Русские писатели и европейские ценности

Сергей Крюков

17.04.2012

000_dv1023216

В начале февраля труппа Московского театра имени Вахтангова отправилась в Грецию показать свой нашумевший спектакль «Дядя Ваня» в постановке художественного руководителя Римаса Туминаса. И греки, изнывающие от кризиса, на билеты не поскупились, раскупив их задолго до начала гастролей. Такой интерес европейского зрителя к русской классике, особенно в ее новаторском прочтении, – не новость. Чехова, Горького, Толстого, Пушкина, Ахматову и даже советского драматурга Эрдмана в Европе смотрят, ставят, читают и перечитывают.
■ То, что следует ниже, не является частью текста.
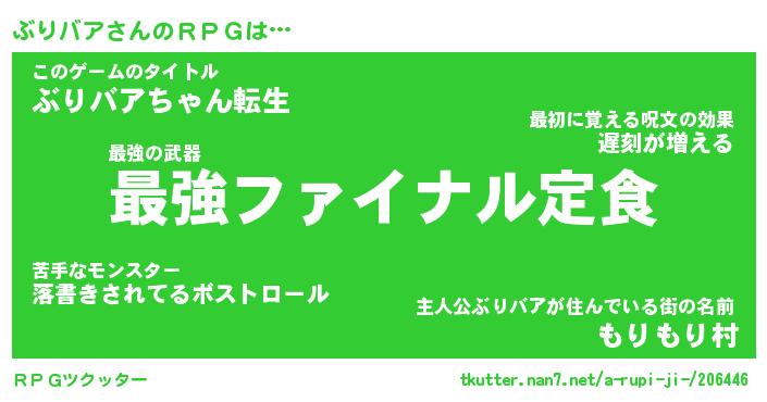 | 男性向けラノベタイトル風あだ名 | 『ブリバアアートオンライン』 |

WATCH внимательно изучил афиши европейских театров на предмет присутствия на них русских имен.

Поле драматического театра простирается за пределы законов искусства. Сегодня на фоне красочного «заката Европы» современный театр расцветает яркими зарницами. Его сила – в слабости социума. Не последнюю роль в этом процессе играют русские классики: писатели, поэты, драматурги. Именно благодаря им сегодняшний закат может оказаться самым прекрасным за всю театральную историю взлетом.

Конечно, говоря о европейском театре, мы имеем в виду его актуальную, новаторскую версию. Современные режиссеры не ставят спектакли – они их придумывают. Неслучайно в общении с автором постановщики все дальше уходят от самого текста. Одни сокращают классиков, другие – дописывают, например с помощью этюдов, но каждый ставит все с ног на голову, воспринимая тексты пьес лишь как инструмент для формулирования собственных идей.
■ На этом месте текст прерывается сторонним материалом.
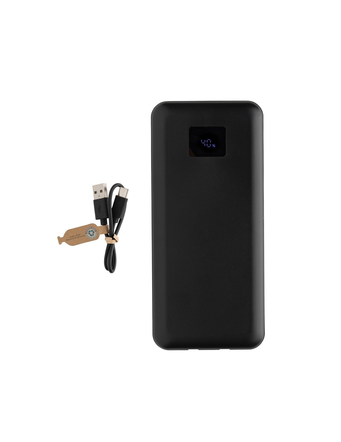Siete stanchi di cercare continuamente prese di corrente? Ecco a voi il powerbank Supercharge da 65W! Powerbank da 20.000 mAh e 20W PD, con struttura in plastica ABS riciclata certificata RCS. L'RCS (Recycled Claim Standard) è uno standard per verificare il contenuto riciclato di un prodotto lungo l'intera catena di fornitura. Contenuto riciclato totale: 13% in base al peso totale dell'articolo. Carica tutti i tuoi dispositivi con facilità grazie alla potente uscita da 65W e ai cavi integrati type C e iOS. Dite addio ai cavi aggrovigliati e alle attese per le ricariche: si ricarica velocemente a 45W tramite type C e ricarica tutti i dispositivi tramite type C (fino a 65W) e tramite USB A (fino a 22,5W). Se siete un professionista impegnato, uno studente in viaggio o un avventuriero, questa powerbank è il vostro compagno ideale. Dite addio all'ansia da batteria scarica e date il benvenuto a una ricarica affidabile e veloce con la Supercharge Powerbank da 65W. Schermo LED.

Театр, заболевший гуманизмом

Героику и красоту актуальный театр не замечает. Он ее не воспринимает ни как предмет исследования и творчества, ни как источник дионисийского или аполлонического начала. Вы не встретите на современной сцене идеальных, атлетичных, бесстрашных героев, им место – в американских боевиках, бразильских сериалах и глянцевых журналах. Для театра красота – продукт потребления, сфера интересов массовой культуры. В работах режиссеров артхауса Саши Вальц, Кристофа Марталера, Алана Плателя, Ромео Кастеллуччи, Люка Персиваля, Петера Конвичного, Кэти Митчелл, Оскараса Коршуноваса вас ждут совсем другие персонажи: некрасивые, невыдающиеся, ничем особо не выделяющиеся – ни пороками, ни добродетелями.

Европейский театр перекраивает своих классиков давно – на протяжении двух веков. От традиции к авангарду переписано практически все наследие. И дело тут не в новаторском подходе, а в общем культурном подтексте. Истинные и мнимые ценности Европы давно уже оторвались от ее биографии и лежат скорее в области менталитета. В этом смысле Аргентина или Австралия более соответствуют представлению о европейском взгляде, чем, например, Албания.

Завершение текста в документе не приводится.